▶ YOUR OBJECTIVE: Instruction for the data below: set down exactly the lines from the line with "在 46900.00 之下,看跌,目标价位为" to the line with "KIAŸÀ̰ÅÁî ¼±¼ö´ÜÀº Äڷγª19", inclusive, and no others.

▶ STORED DATA:
^^^^
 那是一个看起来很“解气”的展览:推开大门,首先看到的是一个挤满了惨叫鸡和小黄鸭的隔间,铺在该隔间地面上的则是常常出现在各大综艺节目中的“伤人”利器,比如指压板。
^^^^
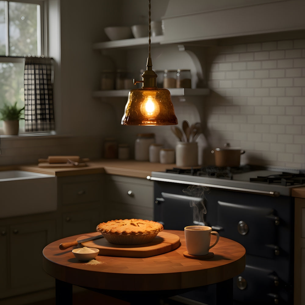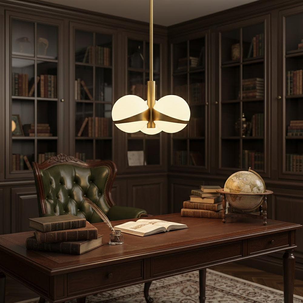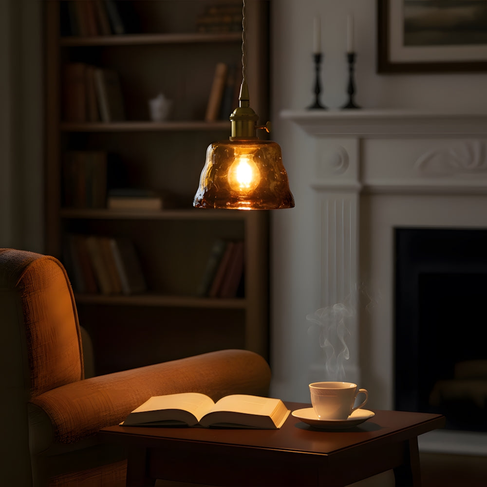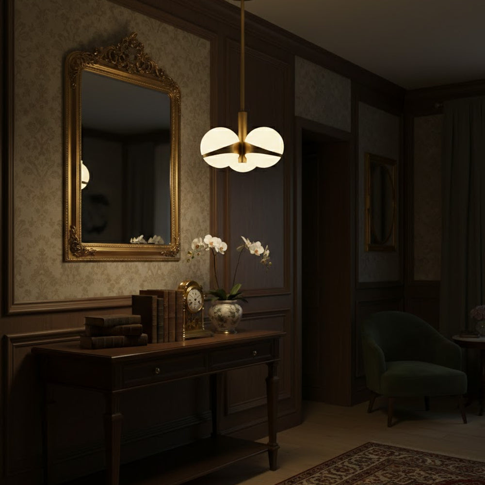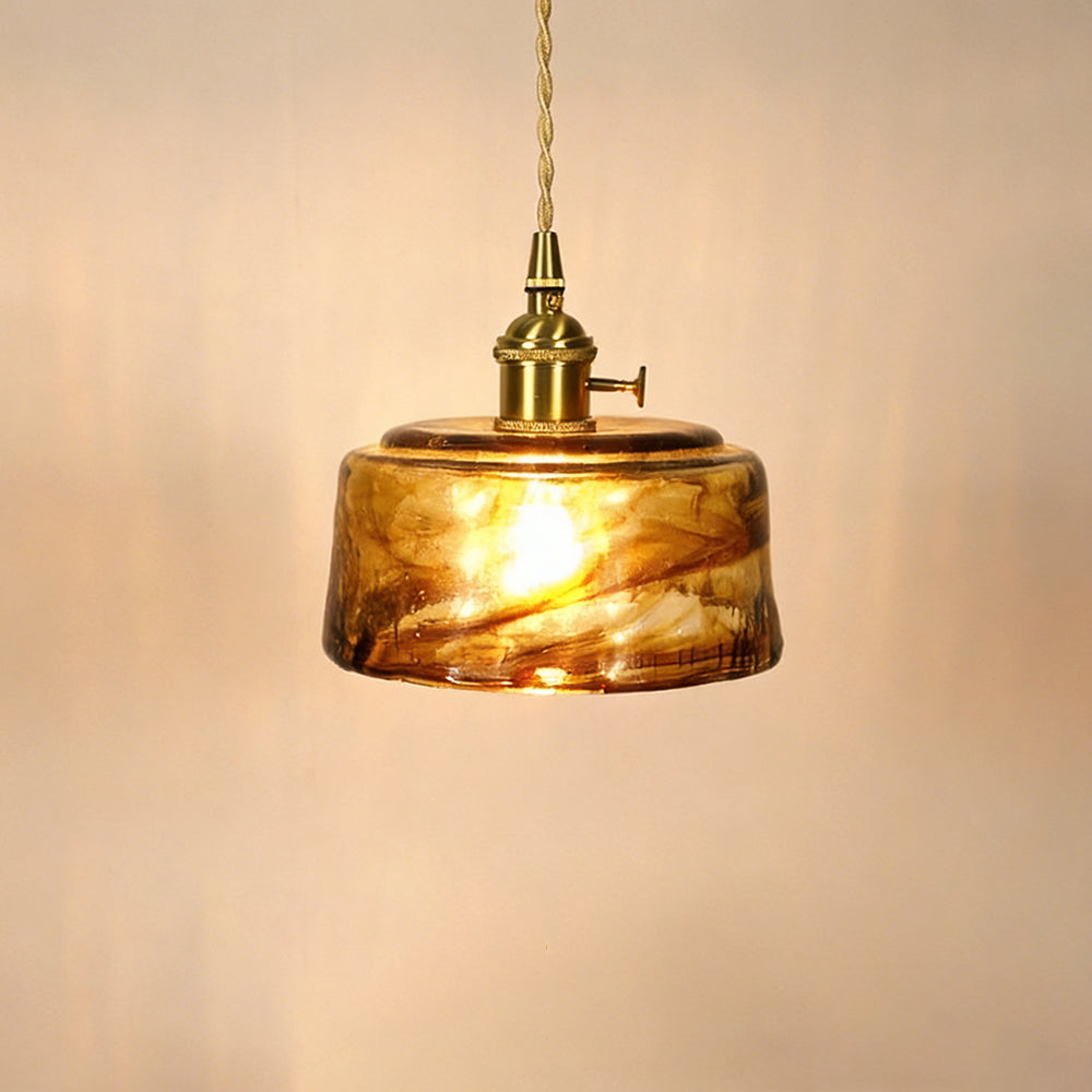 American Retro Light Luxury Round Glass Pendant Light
^^^^
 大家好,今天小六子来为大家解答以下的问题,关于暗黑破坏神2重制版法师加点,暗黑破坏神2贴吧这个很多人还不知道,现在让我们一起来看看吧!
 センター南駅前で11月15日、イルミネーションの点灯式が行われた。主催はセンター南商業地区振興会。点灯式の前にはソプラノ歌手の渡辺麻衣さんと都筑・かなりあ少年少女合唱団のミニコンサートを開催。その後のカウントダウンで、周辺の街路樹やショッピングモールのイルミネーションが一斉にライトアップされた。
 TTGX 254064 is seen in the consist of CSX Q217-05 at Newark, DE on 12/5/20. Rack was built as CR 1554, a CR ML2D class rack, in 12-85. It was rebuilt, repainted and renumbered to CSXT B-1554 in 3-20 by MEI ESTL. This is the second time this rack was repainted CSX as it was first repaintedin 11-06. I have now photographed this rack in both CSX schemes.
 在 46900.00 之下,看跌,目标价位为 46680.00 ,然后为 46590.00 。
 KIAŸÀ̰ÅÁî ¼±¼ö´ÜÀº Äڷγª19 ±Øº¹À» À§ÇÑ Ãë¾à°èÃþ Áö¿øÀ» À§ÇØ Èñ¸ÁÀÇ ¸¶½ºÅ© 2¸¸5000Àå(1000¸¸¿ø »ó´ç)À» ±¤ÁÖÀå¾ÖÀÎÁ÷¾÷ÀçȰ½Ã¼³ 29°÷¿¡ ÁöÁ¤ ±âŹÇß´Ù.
^^^^
▶ EXERCISE RESULT:
 在 46900.00 之下,看跌,目标价位为 46680.00 ,然后为 46590.00 。
 KIAŸÀ̰ÅÁî ¼±¼ö´ÜÀº Äڷγª19 ±Øº¹À» À§ÇÑ Ãë¾à°èÃþ Áö¿øÀ» À§ÇØ Èñ¸ÁÀÇ ¸¶½ºÅ© 2¸¸5000Àå(1000¸¸¿ø »ó´ç)À» ±¤ÁÖÀå¾ÖÀÎÁ÷¾÷ÀçȰ½Ã¼³ 29°÷¿¡ ÁöÁ¤ ±âŹÇß´Ù.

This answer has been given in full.